Below are entries. Reproduce exactly the lines between the line holding "Женские блестящие комбинезоны" and the line holding "2025年11月25日,第二", inclusive, and only those.

__Material for this exercise__

________________________________________

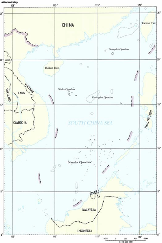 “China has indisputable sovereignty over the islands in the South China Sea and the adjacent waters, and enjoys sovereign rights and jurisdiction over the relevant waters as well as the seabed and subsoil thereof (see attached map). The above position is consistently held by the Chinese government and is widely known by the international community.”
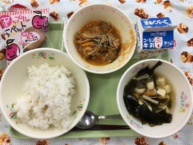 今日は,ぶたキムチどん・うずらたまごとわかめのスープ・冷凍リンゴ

________________________________________

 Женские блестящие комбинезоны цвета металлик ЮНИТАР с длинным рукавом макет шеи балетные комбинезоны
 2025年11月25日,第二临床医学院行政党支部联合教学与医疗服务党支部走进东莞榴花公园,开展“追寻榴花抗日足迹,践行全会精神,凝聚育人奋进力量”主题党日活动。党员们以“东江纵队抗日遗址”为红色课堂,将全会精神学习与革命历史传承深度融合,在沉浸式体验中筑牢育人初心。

________________________________________

__Answer for this exercise__
 Женские блестящие комбинезоны цвета металлик ЮНИТАР с длинным рукавом макет шеи балетные комбинезоны
 2025年11月25日,第二临床医学院行政党支部联合教学与医疗服务党支部走进东莞榴花公园,开展“追寻榴花抗日足迹,践行全会精神,凝聚育人奋进力量”主题党日活动。党员们以“东江纵队抗日遗址”为红色课堂,将全会精神学习与革命历史传承深度融合,在沉浸式体验中筑牢育人初心。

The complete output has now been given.